- Task
Within the lines below, the span from the line with "3 Mill Stream Close, Codsall, Wolverhampton" to the line with "Week 3 – All Weather Blanket", both ends included, is to be reproduced exactly, with pictures omitted.

- Source data
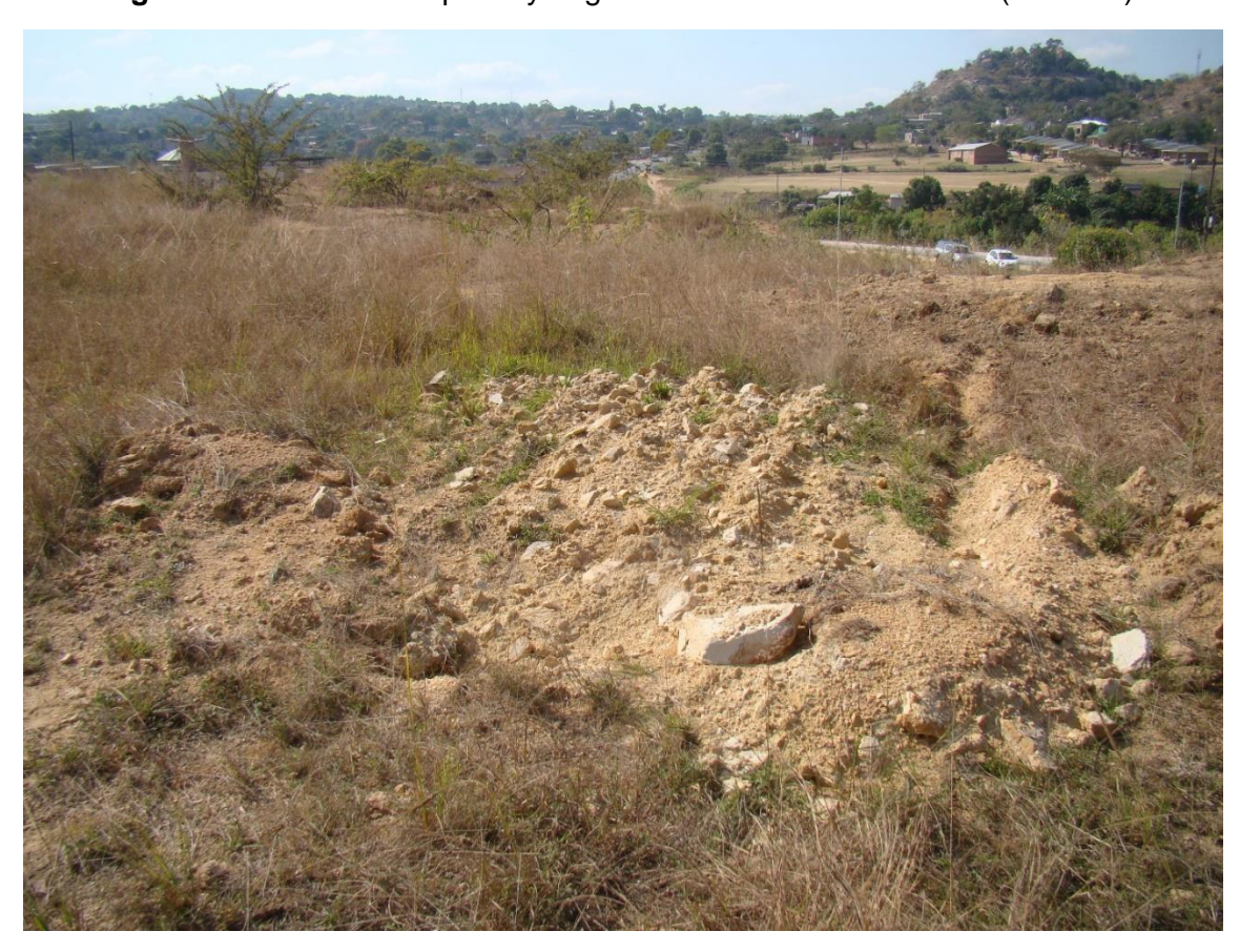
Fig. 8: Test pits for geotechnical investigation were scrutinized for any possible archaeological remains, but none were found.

--

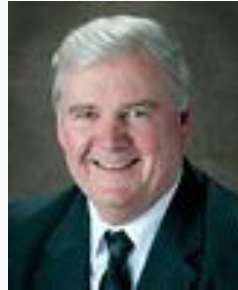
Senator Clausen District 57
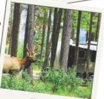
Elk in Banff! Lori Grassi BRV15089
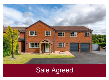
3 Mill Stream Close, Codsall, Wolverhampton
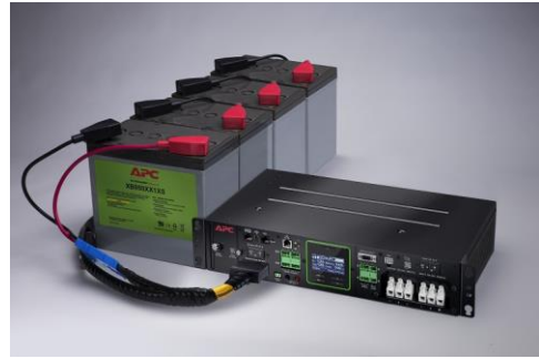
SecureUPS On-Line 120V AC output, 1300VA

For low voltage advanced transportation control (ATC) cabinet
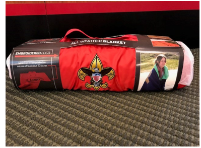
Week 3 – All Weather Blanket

---

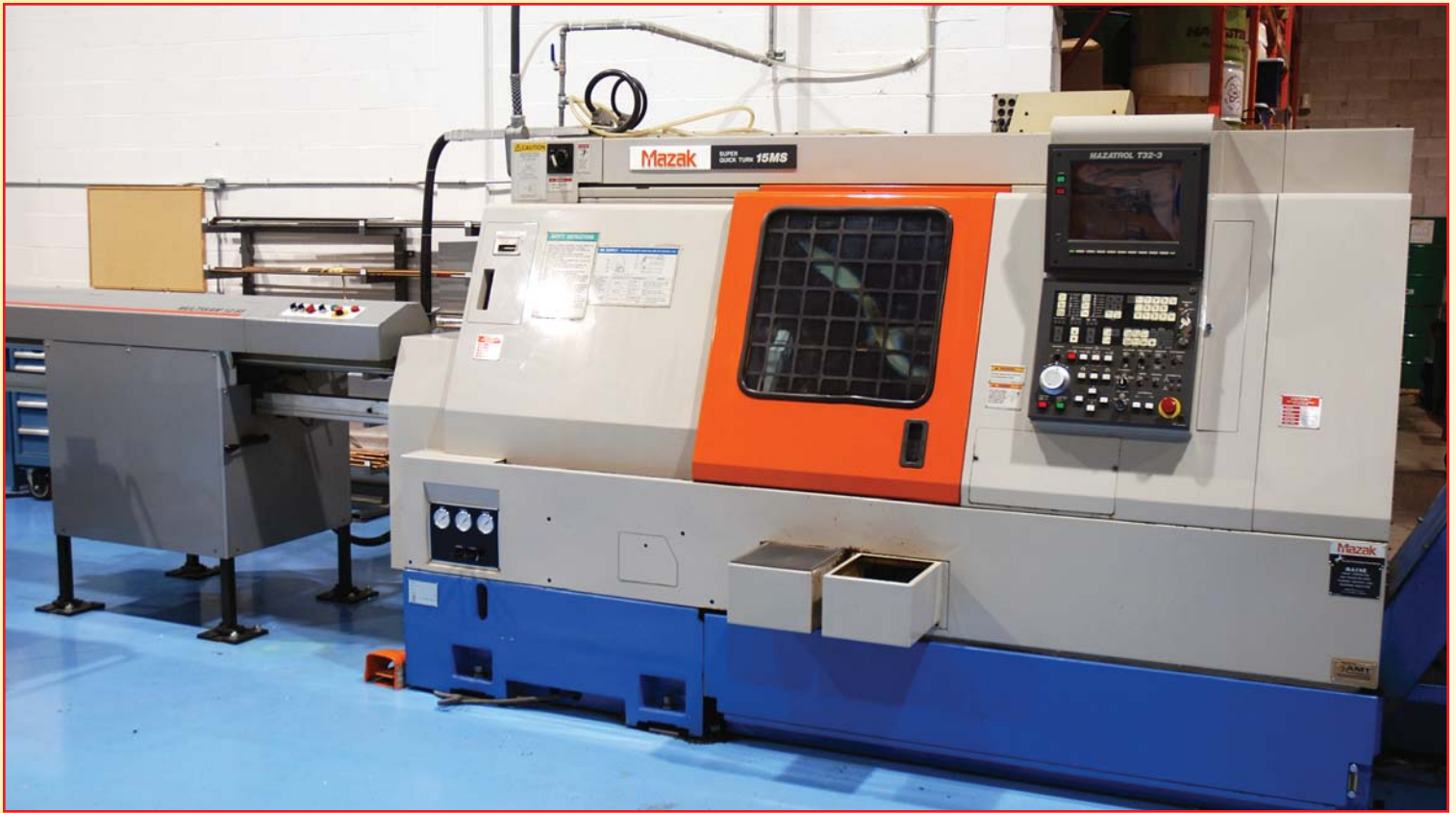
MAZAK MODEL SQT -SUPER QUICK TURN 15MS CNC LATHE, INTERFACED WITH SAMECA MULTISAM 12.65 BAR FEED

- Solution to the problem
3 Mill Stream Close, Codsall, Wolverhampton
SecureUPS On-Line 120V AC output, 1300VA

For low voltage advanced transportation control (ATC) cabinet
Week 3 – All Weather Blanket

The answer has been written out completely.